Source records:
□ □ □
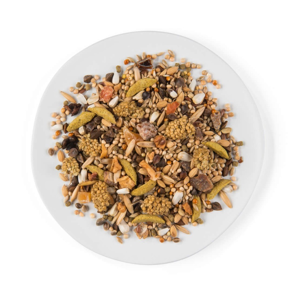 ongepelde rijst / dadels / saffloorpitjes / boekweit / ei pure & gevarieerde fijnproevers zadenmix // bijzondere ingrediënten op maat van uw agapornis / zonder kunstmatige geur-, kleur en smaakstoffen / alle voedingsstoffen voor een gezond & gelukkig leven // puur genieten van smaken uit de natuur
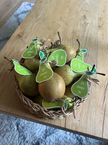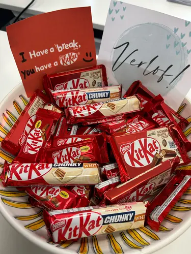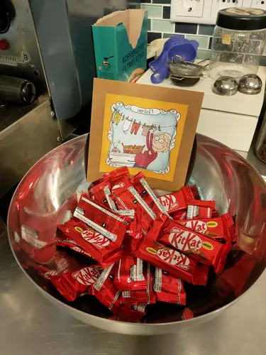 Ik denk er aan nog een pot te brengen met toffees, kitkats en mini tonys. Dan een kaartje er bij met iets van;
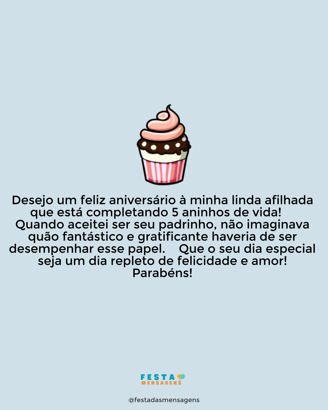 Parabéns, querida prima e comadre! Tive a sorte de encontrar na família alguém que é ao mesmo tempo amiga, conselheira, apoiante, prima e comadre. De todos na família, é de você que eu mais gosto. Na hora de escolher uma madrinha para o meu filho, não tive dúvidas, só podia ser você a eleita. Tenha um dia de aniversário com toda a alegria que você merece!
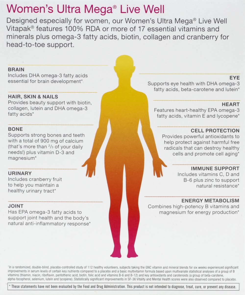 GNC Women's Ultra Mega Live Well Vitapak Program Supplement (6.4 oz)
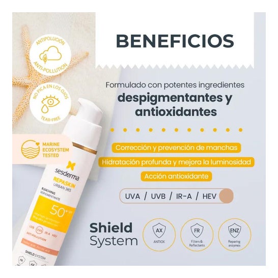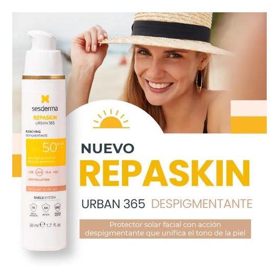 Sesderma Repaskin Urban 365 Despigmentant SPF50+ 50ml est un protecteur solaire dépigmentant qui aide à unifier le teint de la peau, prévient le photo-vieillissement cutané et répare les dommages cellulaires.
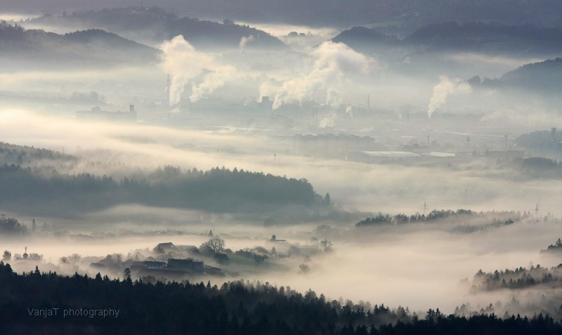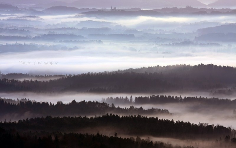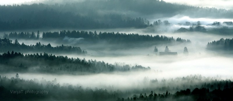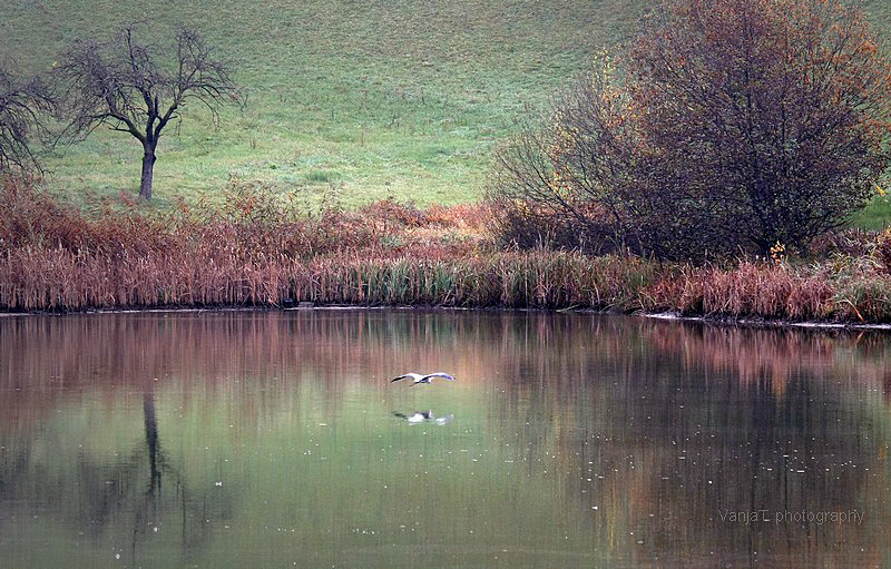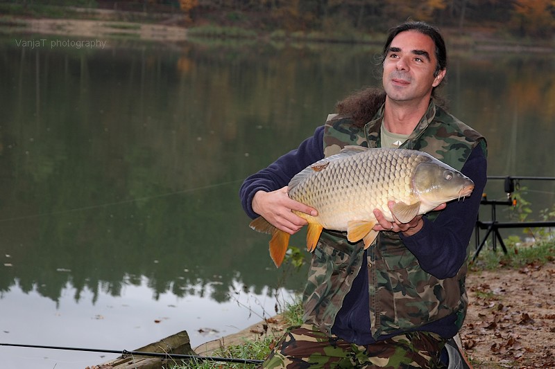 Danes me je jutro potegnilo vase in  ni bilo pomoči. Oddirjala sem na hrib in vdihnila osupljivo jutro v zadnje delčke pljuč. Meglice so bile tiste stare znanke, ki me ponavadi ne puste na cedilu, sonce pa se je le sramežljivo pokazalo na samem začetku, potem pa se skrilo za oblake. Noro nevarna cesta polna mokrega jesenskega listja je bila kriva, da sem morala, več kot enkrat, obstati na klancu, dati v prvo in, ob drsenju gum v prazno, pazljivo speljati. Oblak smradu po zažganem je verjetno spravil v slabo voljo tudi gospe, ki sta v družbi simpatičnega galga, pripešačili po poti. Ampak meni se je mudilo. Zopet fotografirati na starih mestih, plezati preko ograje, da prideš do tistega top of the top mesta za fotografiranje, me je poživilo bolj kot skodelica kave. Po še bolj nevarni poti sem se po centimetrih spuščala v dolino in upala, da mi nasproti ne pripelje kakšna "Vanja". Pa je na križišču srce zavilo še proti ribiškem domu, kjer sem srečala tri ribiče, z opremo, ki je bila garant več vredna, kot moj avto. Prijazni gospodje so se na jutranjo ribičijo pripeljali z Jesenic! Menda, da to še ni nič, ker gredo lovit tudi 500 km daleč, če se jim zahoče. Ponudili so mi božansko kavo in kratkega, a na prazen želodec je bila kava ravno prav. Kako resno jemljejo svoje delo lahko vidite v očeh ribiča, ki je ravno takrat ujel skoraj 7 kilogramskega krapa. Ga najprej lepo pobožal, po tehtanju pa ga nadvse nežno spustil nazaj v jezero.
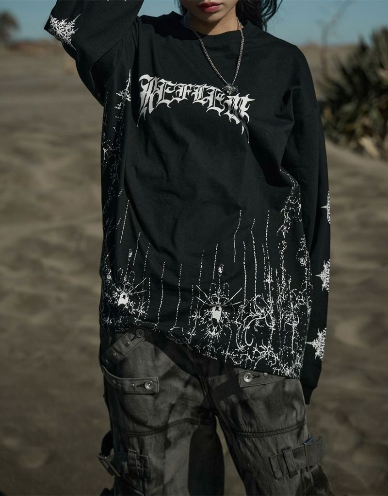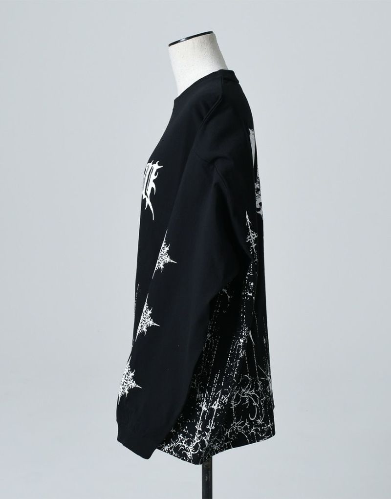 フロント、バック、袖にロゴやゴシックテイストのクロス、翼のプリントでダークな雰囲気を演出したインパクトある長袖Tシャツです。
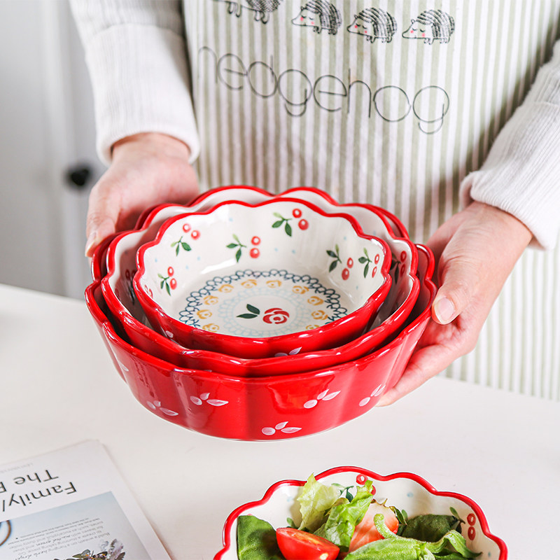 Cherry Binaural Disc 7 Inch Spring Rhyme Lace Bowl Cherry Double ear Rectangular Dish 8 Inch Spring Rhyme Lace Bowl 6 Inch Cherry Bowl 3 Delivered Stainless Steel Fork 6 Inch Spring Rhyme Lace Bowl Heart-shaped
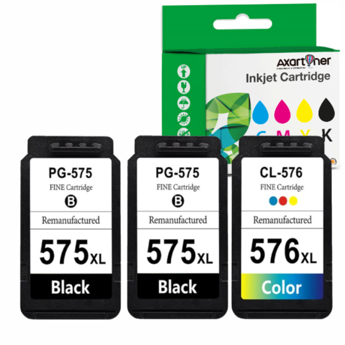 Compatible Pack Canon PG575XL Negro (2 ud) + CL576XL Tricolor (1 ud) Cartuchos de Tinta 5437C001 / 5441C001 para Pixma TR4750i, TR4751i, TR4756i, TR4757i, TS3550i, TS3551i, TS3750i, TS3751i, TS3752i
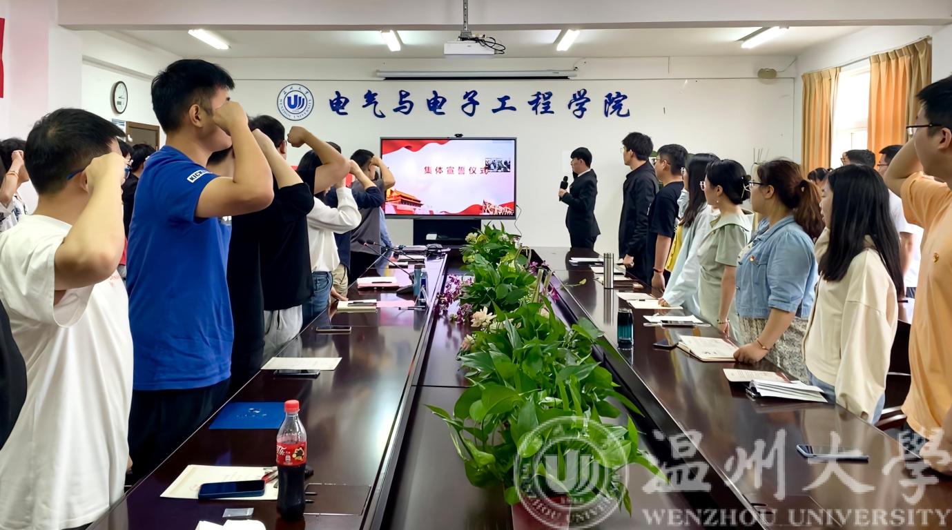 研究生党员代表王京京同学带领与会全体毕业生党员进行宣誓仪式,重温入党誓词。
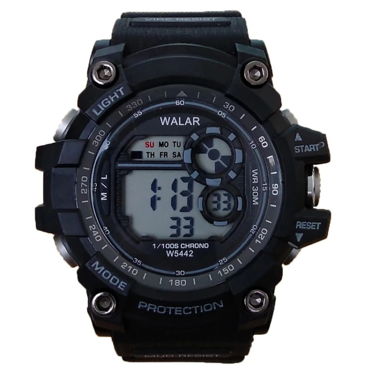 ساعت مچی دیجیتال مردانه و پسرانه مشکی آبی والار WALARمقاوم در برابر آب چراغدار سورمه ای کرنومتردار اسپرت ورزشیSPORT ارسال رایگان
□ □ □
A verbatim copy is needed of the lines running from the line with "Compatible Pack Canon" to the end of the data above, both included. Keep the pictures out of it.

 Compatible Pack Canon PG575XL Negro (2 ud) + CL576XL Tricolor (1 ud) Cartuchos de Tinta 5437C001 / 5441C001 para Pixma TR4750i, TR4751i, TR4756i, TR4757i, TS3550i, TS3551i, TS3750i, TS3751i, TS3752i
 研究生党员代表王京京同学带领与会全体毕业生党员进行宣誓仪式,重温入党誓词。
 ساعت مچی دیجیتال مردانه و پسرانه مشکی آبی والار WALARمقاوم در برابر آب چراغدار سورمه ای کرنومتردار اسپرت ورزشیSPORT ارسال رایگان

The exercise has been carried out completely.